“Would you like to wait until things get back to normal for your retirement party or shall we do it on Zoom?” Waiting for normality in September when I was asked this question could mean waiting until most of my colleagues had retired so I chose Zoom and tried to be gracious about it. Life events like retirement are as important for the organisation as they are for the individual. Somehow we all need closure. Zoom was the least worst option: somewhat ironic after nearly thirty years teaching Medical Ethics where the least worst option is the one to choose.
I had used Zoom for teaching: it worked well with students I had taught in person. I had used it for an online party for graduating medical students. It was a poor substitute for their graduation ball but it gave each of them the chance, if they chose, to relate a brief anecdote about their time in Newcastle.
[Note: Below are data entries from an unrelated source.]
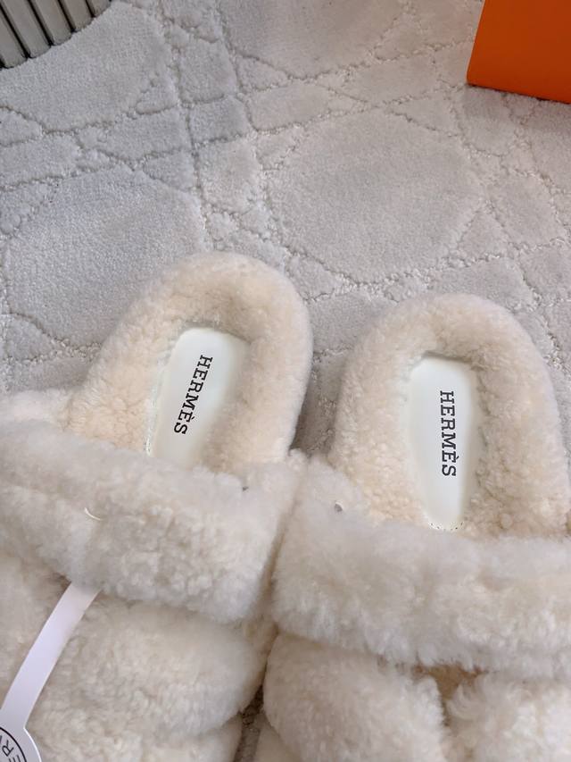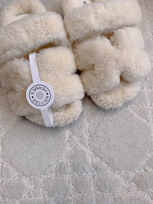 出厂价p Herme*经典款二舅毛毛拖鞋 超级厚实的澳洲进口羊毛 犹如踩在云朵般的感觉 拉长腿部线条 面料进口澳洲羊毛 原版开模大底 尺码35-39 40 41
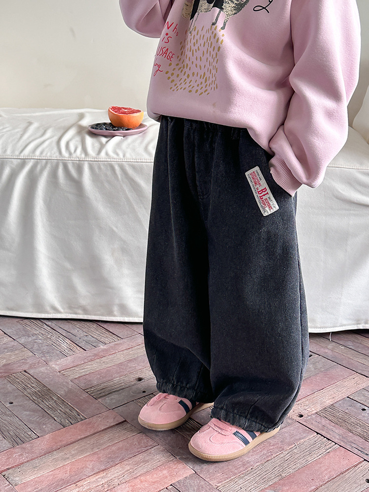 【클리어런스 상품】아동용 한국 스타일 기모 라벨 복합 오리지널 벨벳 일체형 캐주얼 루즈핏 데님 팬츠
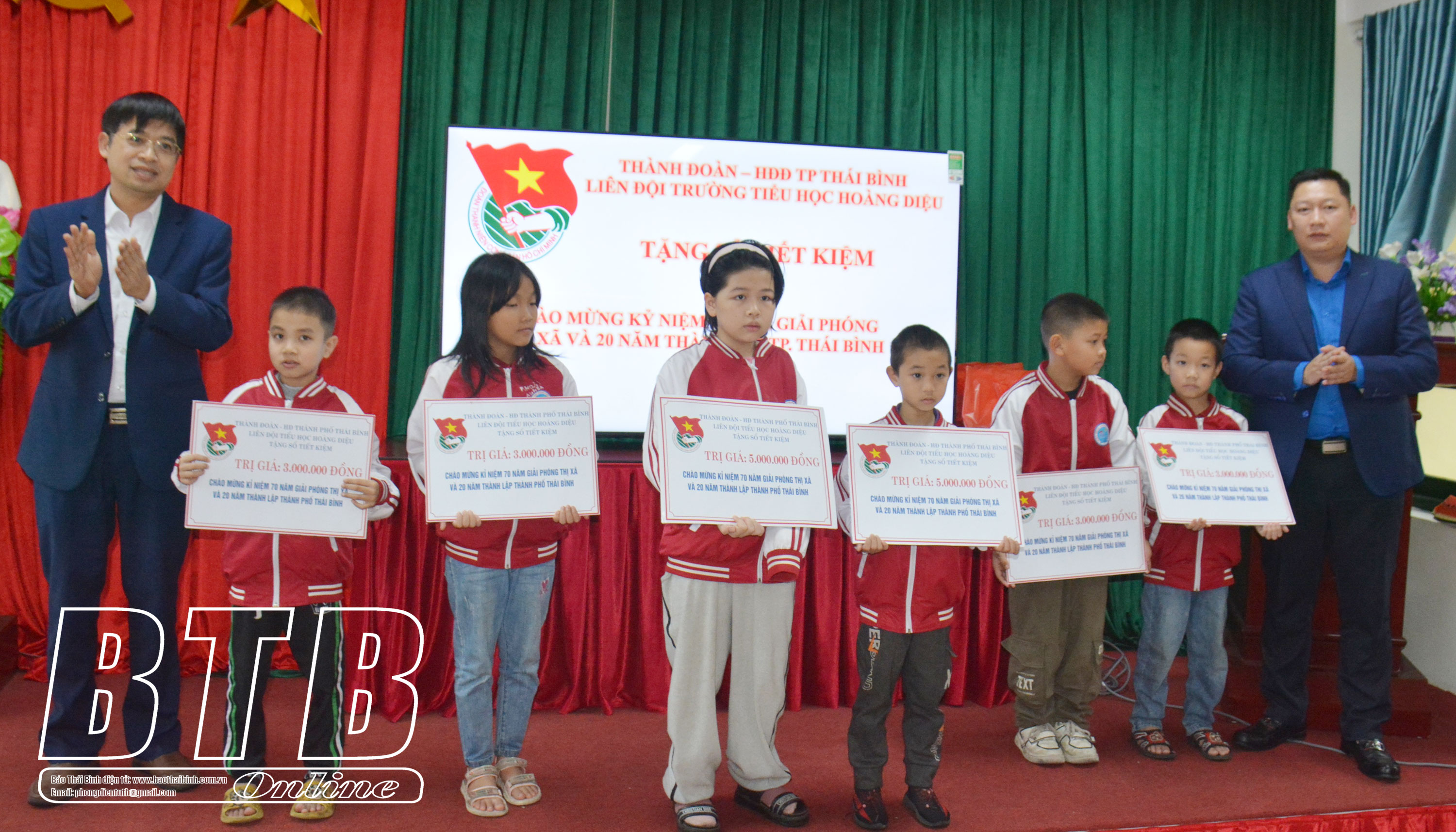 Chiều ngày 14/3, Thành đoàn, Hội đồng Đội thành phố Thái Bình, Liên đội Trường Tiểu học Hoàng Diệu trao sổ tiết kiệm cho các em học sinh của Trường Tiểu học Hoàng Diệu.
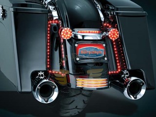 Kuryakyn 7744 Gloss Black Rear Fednder Strip LightAdd additional Run & Brake L.E.D. lighting to your rear end! The gently curved chrome housings sit perfectly in the contour of the '09-'11 rear fender skirt but also looks great on most any full-length fender. Plug-&-play.Rear fender strip lights add additional Run &Brake L.E.D. lighting to your rear end!The gently curved chrome housings sit perfectly in the contour of the 09-11 rear fender skirt but also looks great on most any full-length fender.Plug-&-play.NOTE: For H-D Touring and Softail models 09-up with full length rear fenders and universal application on other models with full length fenders with flat sidesPARTS INCLUDED
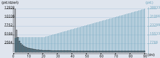 Rozkład realnego czasu hospitalizacji dla tej grupy JGP ![]() Wykres przedstawiąjacy rentowność pobytu pacjenta w zależności od ilości dni. ![]() | ||||||||||||||||||
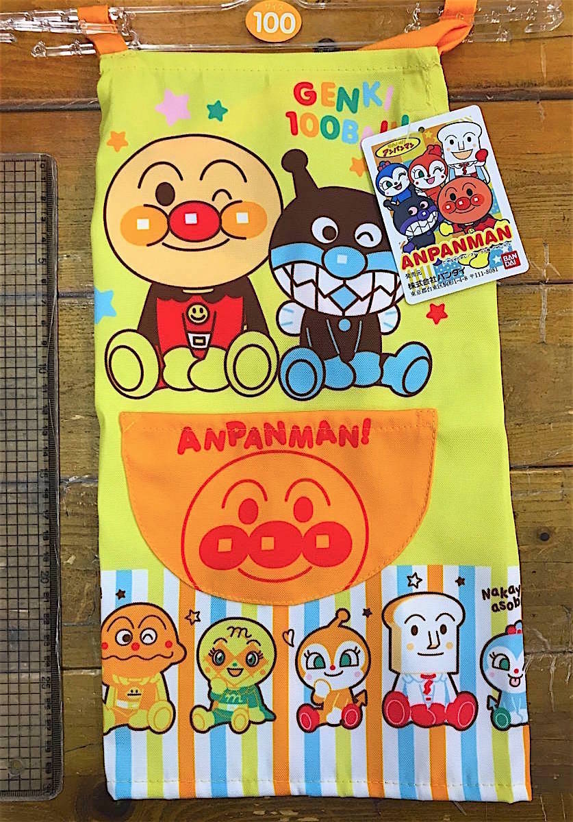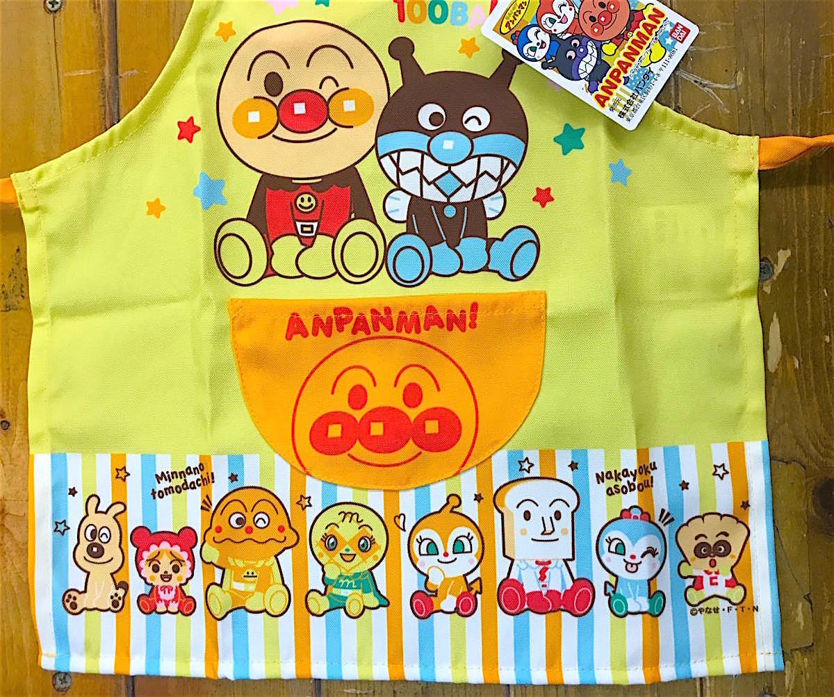 即決 新品タグ付アンパンマン GENKI 100BAI★アンパンマンファミリー柄★子供用エプロン★100cm ¥990★お餅つき会や料理のお手伝い用に

As always at a retirement event, the people whom you have upset don’t come and you are offered an inflated sense of your own worth but basking in this illusion is pleasant. The more formal atmosphere enabled a much larger number of people to remind me in brief unscripted speeches of some episodes I had forgotten. I missed the opportunity for conversations with individuals. Asking people about their parent’s dementia, their child’s troubles, their bereavement, cancer, depression or divorce in front of an audience starved of entertainment by Covid-19 would probably be inappropriate, although I did not test this hypothesis.
An unexpected bonus was that more people came. I had wondered whether the uncertain quality of the online wine would keep people away. What happened was that people could avoid a drive and the struggle to find a place to park. They didn’t get wet scurrying from the car. They could surreptitiously scan emails, as can students: the way to avoid detection is not to laugh at an email until you hear the punchline of a joke being told on Zoom. They could put a note in the chat box and leave when they wanted: no awkward realisation that they will miss their bus if they stay to hear the remainder of your interminable speech and that they have failed to position themselves close enough to the door. Another bonus is the camaraderie of the chorus of voices shouting, “You’re muted”.
I haven’t yet had a long enough experience of retirement to say whether I would recommend it, but I would recommend going out with a Zoom.